The ships registered in the Contracting Parties of the Hidrovia Treaty can navigate freely and have free access to the ports and markets of that basin, which is the most economical way out for the production of the central area of South America towards the world market. Its cost is seven times lower than those of road and railroad transportation, and from its mouth out those products can be transshipped to deep-sea vessels, with great draught, at the Uruguayan ports, on the Rio de la Plata.

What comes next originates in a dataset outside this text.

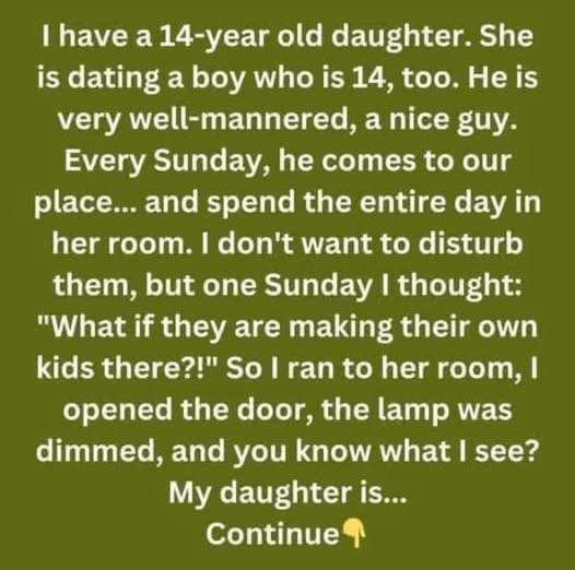 Every Sunday, he comes to our place… and spends the entire day in her room. I don’t want to disturb them, but one Sunday I thought: “What if they are making their own kids there?!” So I ran to her room, I opened the door, the lamp was dimmed, and you know what I see? My daughter is…sitting on the floor, headphones on, completely absorbed in helping him study for his math exam.

In order to serve the demand of services that its privileged location in the middle of the region implies, Uruguay enacted a new law of ports and a new law of register of ships.
The law of ports (Nº 14.246) has liberalized and privatized the stowage
services and customs warehouses, getting as a result a 40% reduction in the operative costs of the Montevideo port. The law of register of merchant ships (Nº 16.387) eliminates bureaucratic and tax hinders and facilitates the register of ships and the possibility of getting a register in Uruguay.

Company Formation

Incorporation proceedings are quite simple for a corporation; it is enough to register its bylaws in the Public Registry Office of Commerce. It is also relatively easy for foreign investors to purchase a limited company already incorporated in the country to be able to do business. Its costs are low, depending on the capital stock and activities required. To own a corporation in Uruguay the only requirements are the names of the directors and the new domicile; these proceedings may last two or three days, and afterwards the corporation is in working order to do business.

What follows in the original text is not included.